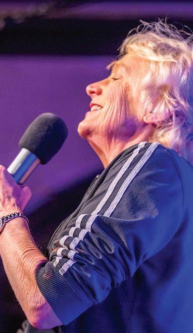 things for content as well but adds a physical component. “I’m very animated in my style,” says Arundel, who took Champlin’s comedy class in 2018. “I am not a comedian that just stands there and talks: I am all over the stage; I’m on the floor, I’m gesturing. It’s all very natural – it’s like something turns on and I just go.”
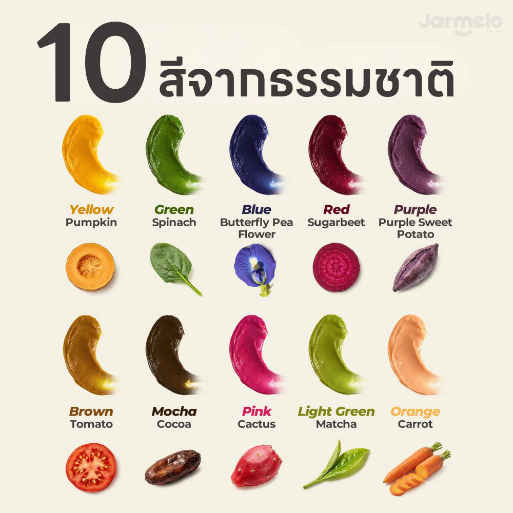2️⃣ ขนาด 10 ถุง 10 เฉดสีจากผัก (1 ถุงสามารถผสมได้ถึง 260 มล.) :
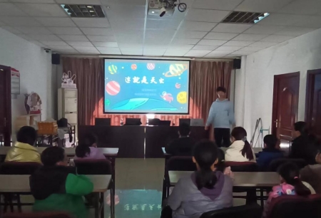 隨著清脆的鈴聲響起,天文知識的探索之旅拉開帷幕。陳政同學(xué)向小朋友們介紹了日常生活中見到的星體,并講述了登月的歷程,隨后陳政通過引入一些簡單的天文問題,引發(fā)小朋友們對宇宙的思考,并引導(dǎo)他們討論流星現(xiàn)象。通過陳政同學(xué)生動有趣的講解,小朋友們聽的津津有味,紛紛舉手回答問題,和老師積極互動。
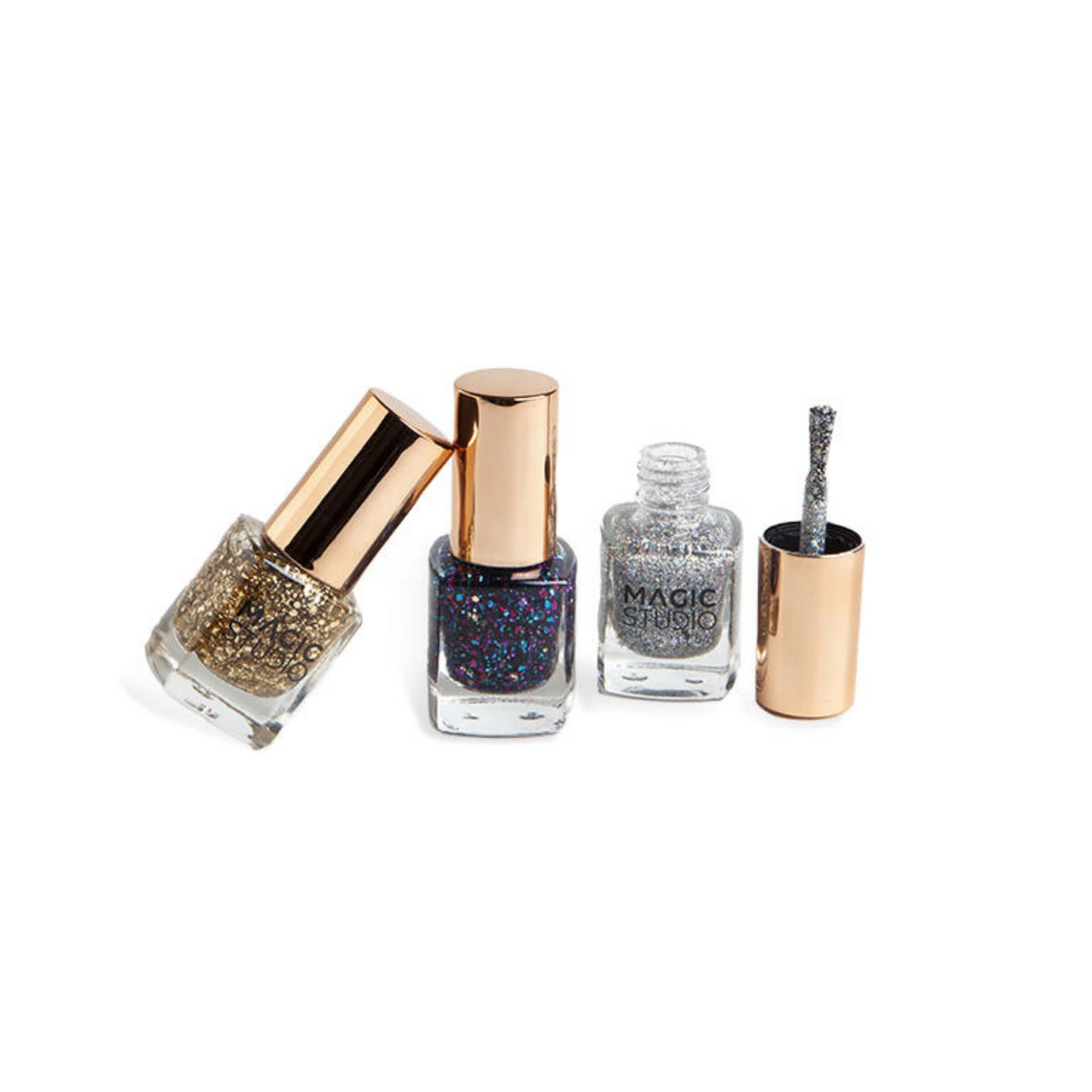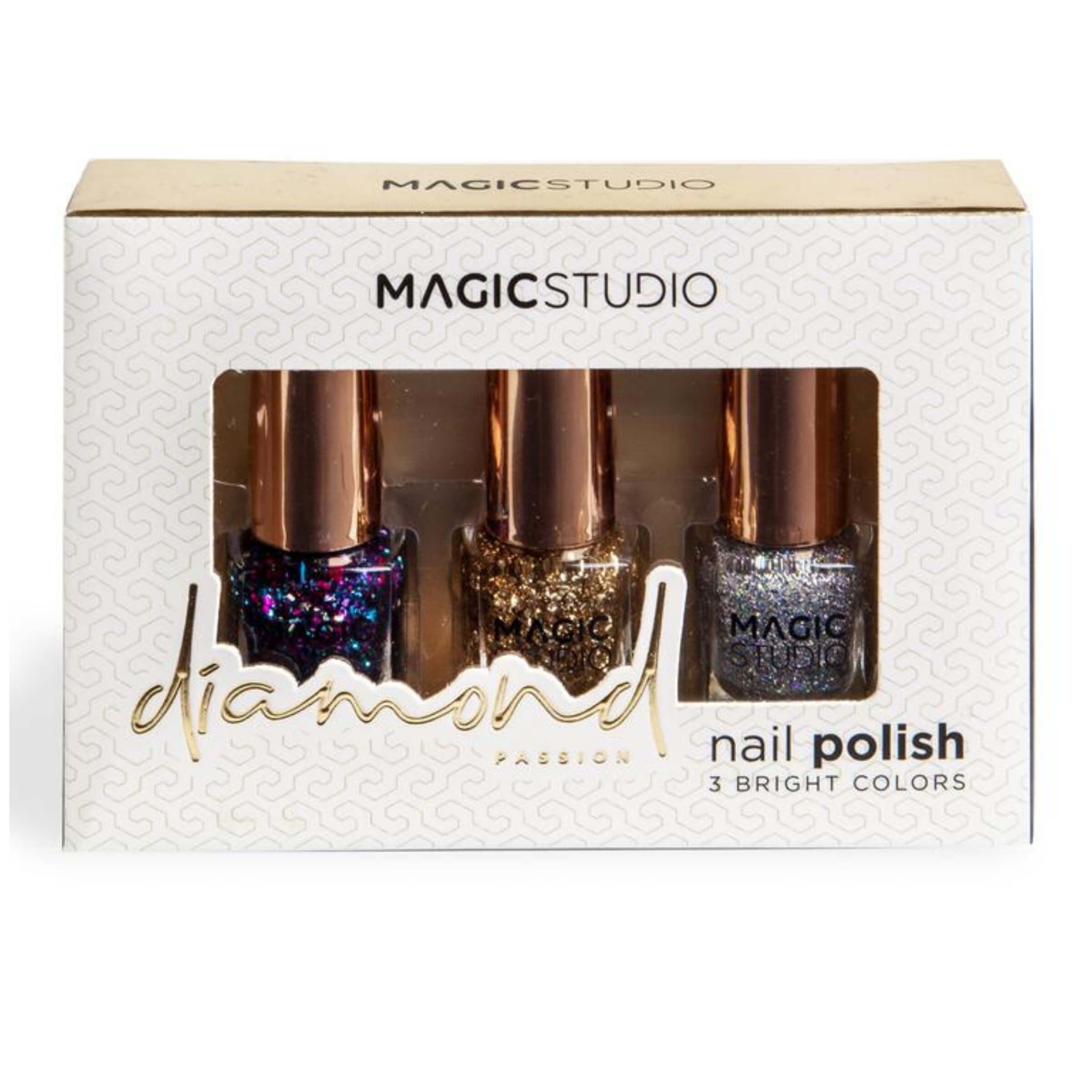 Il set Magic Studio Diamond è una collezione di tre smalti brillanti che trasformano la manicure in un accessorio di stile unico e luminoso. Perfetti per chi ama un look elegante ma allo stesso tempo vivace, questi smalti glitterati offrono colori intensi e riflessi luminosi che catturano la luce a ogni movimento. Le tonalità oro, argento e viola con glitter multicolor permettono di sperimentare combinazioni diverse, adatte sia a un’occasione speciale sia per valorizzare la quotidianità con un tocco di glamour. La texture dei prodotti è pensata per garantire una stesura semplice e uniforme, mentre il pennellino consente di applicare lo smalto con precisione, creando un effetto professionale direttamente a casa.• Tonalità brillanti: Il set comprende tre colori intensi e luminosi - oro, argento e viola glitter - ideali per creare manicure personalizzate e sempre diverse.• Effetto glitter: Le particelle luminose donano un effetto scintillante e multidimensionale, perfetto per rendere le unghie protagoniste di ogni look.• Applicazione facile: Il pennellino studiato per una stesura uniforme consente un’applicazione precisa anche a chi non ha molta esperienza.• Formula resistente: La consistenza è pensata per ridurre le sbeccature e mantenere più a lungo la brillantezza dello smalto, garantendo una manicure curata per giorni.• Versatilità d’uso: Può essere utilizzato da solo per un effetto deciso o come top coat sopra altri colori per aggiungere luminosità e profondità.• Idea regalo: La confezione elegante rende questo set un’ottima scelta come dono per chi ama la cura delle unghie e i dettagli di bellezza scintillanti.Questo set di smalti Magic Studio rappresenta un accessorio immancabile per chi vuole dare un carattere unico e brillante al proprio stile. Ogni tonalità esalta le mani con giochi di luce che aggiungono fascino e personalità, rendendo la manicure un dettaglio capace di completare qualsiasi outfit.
──────────
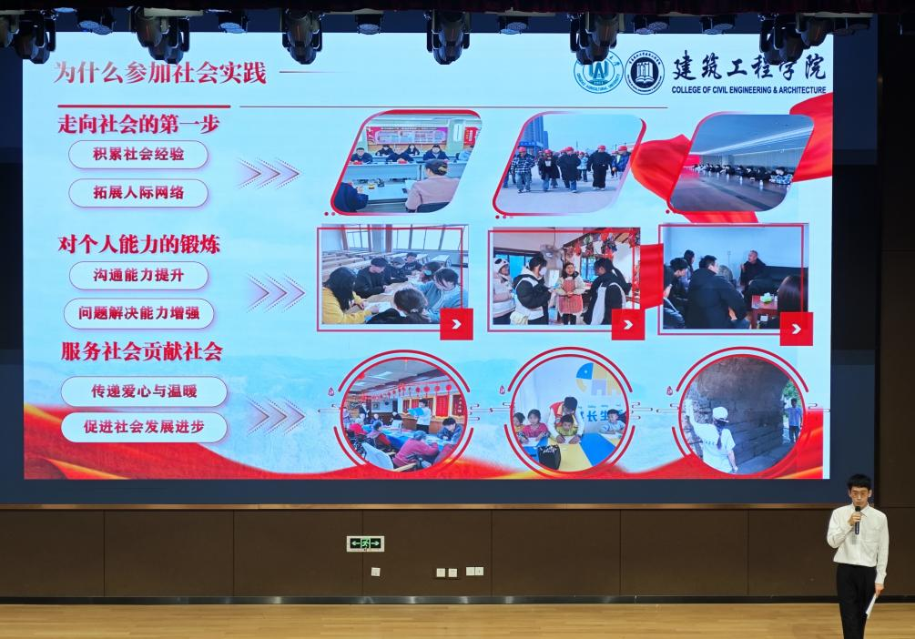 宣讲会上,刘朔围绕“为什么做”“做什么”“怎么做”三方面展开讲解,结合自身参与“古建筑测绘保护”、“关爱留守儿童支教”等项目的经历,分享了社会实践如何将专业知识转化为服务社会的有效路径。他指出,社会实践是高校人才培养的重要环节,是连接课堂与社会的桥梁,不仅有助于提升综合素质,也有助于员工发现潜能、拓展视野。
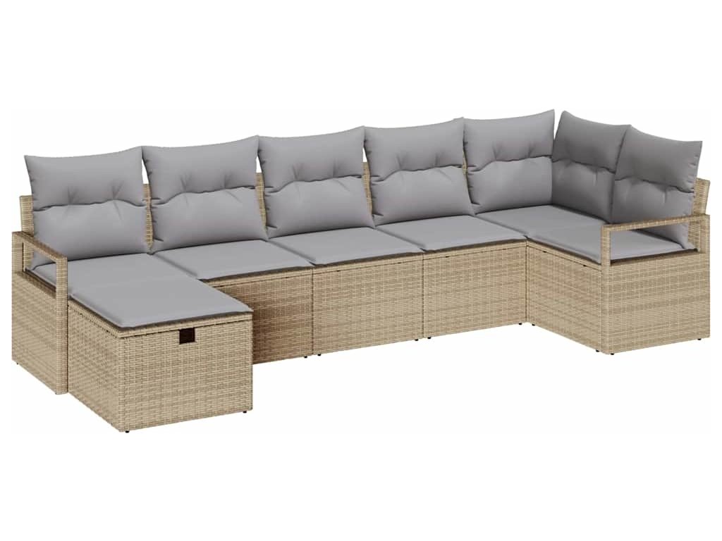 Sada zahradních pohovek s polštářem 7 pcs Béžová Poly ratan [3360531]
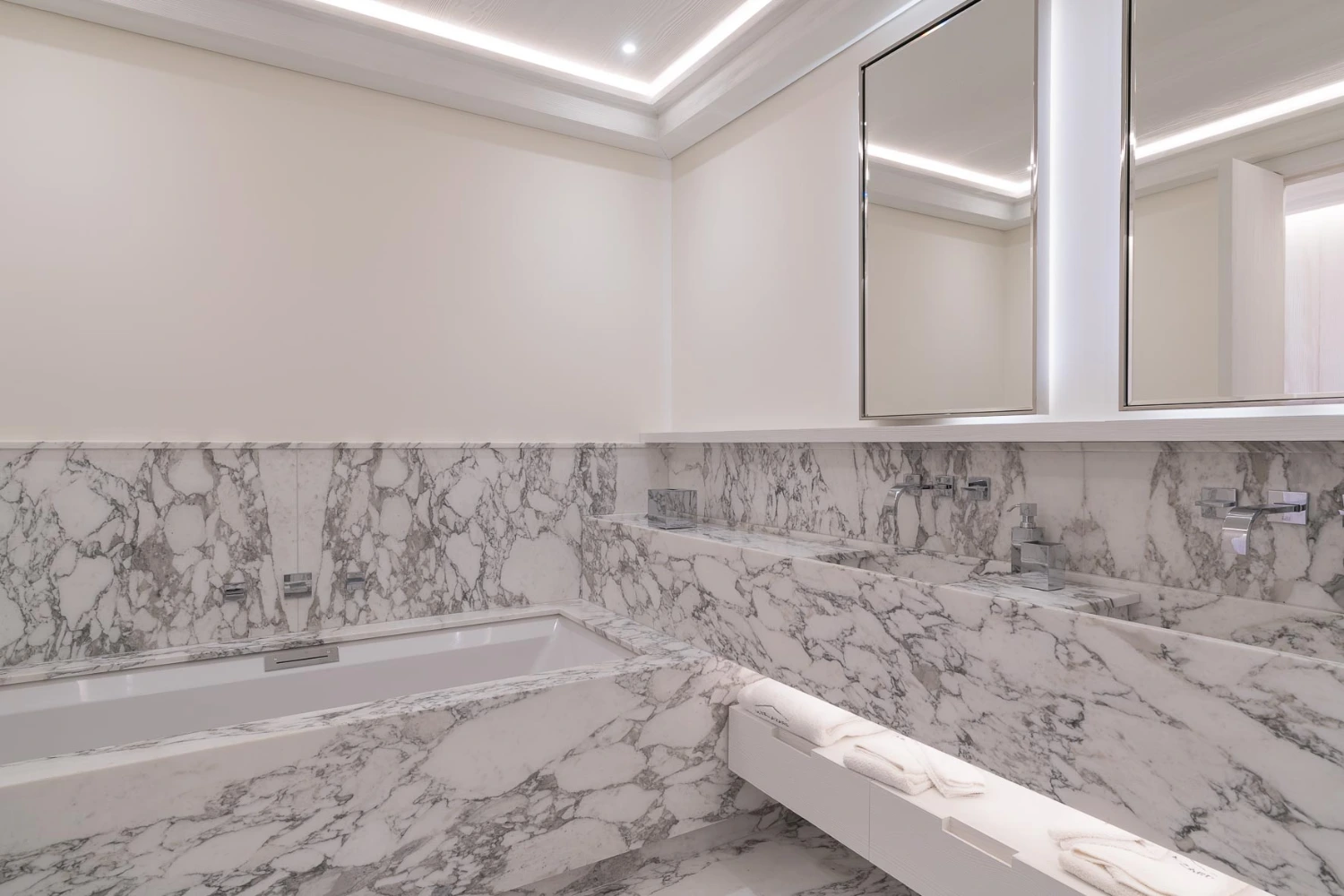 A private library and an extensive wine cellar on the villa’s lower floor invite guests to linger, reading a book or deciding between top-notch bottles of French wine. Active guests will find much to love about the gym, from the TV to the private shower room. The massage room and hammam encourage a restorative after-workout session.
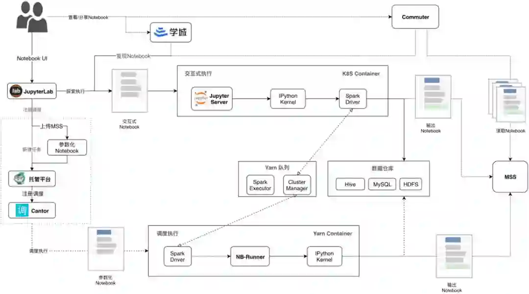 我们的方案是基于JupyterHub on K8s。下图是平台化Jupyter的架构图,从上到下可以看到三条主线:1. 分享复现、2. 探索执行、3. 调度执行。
──────────
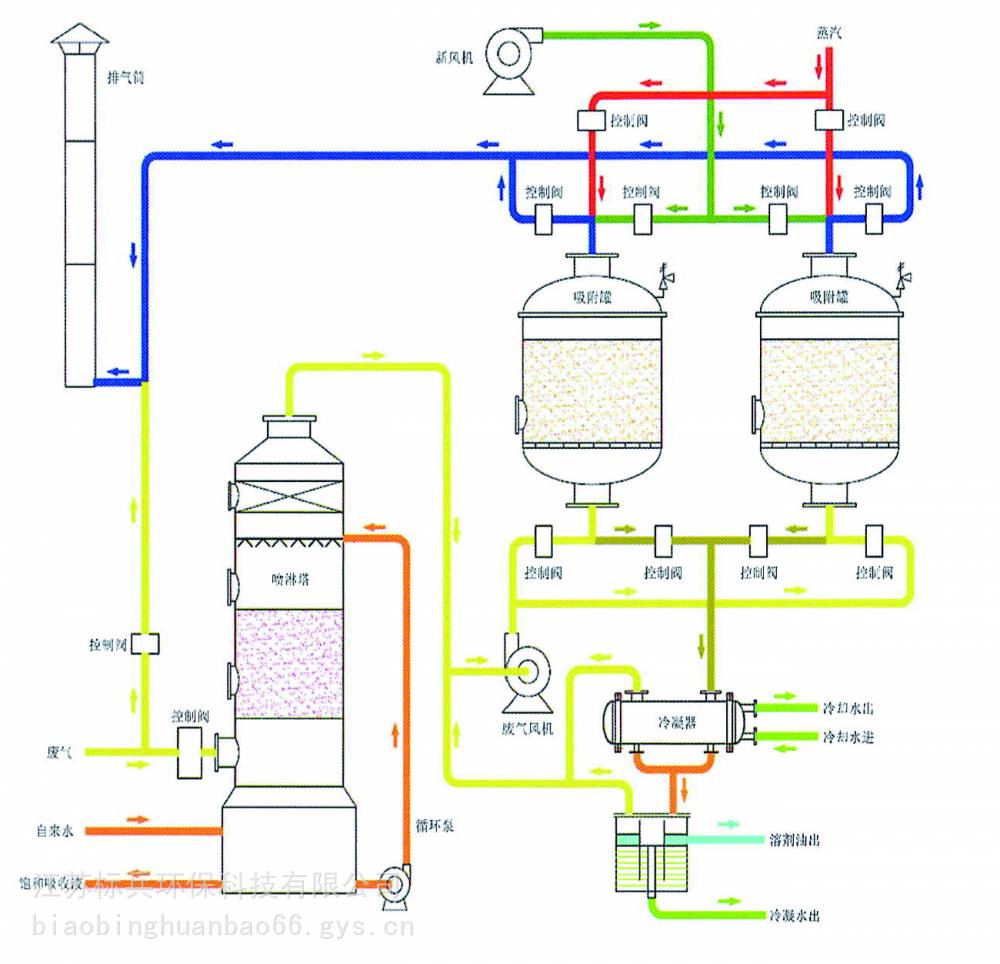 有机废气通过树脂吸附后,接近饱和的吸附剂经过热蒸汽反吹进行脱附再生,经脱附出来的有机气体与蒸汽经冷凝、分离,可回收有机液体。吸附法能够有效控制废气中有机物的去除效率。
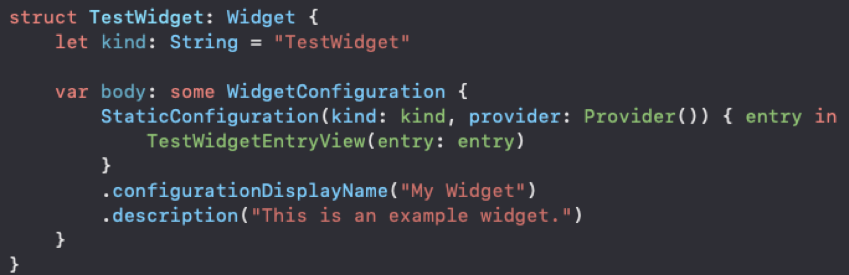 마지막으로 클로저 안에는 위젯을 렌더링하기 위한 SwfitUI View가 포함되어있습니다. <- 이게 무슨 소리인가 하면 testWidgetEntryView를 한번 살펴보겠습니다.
──────────
Excerpt from the records above: set down only the lines from the one that contains "隨著清脆的鈴聲響起,天文知識" through the one that contains "Il set Magic", inclusive, word for word. Pictures stay out.

 隨著清脆的鈴聲響起,天文知識的探索之旅拉開帷幕。陳政同學(xué)向小朋友們介紹了日常生活中見到的星體,并講述了登月的歷程,隨后陳政通過引入一些簡單的天文問題,引發(fā)小朋友們對宇宙的思考,并引導(dǎo)他們討論流星現(xiàn)象。通過陳政同學(xué)生動有趣的講解,小朋友們聽的津津有味,紛紛舉手回答問題,和老師積極互動。
 Il set Magic Studio Diamond è una collezione di tre smalti brillanti che trasformano la manicure in un accessorio di stile unico e luminoso. Perfetti per chi ama un look elegante ma allo stesso tempo vivace, questi smalti glitterati offrono colori intensi e riflessi luminosi che catturano la luce a ogni movimento. Le tonalità oro, argento e viola con glitter multicolor permettono di sperimentare combinazioni diverse, adatte sia a un’occasione speciale sia per valorizzare la quotidianità con un tocco di glamour. La texture dei prodotti è pensata per garantire una stesura semplice e uniforme, mentre il pennellino consente di applicare lo smalto con precisione, creando un effetto professionale direttamente a casa.• Tonalità brillanti: Il set comprende tre colori intensi e luminosi - oro, argento e viola glitter - ideali per creare manicure personalizzate e sempre diverse.• Effetto glitter: Le particelle luminose donano un effetto scintillante e multidimensionale, perfetto per rendere le unghie protagoniste di ogni look.• Applicazione facile: Il pennellino studiato per una stesura uniforme consente un’applicazione precisa anche a chi non ha molta esperienza.• Formula resistente: La consistenza è pensata per ridurre le sbeccature e mantenere più a lungo la brillantezza dello smalto, garantendo una manicure curata per giorni.• Versatilità d’uso: Può essere utilizzato da solo per un effetto deciso o come top coat sopra altri colori per aggiungere luminosità e profondità.• Idea regalo: La confezione elegante rende questo set un’ottima scelta come dono per chi ama la cura delle unghie e i dettagli di bellezza scintillanti.Questo set di smalti Magic Studio rappresenta un accessorio immancabile per chi vuole dare un carattere unico e brillante al proprio stile. Ogni tonalità esalta le mani con giochi di luce che aggiungono fascino e personalità, rendendo la manicure un dettaglio capace di completare qualsiasi outfit.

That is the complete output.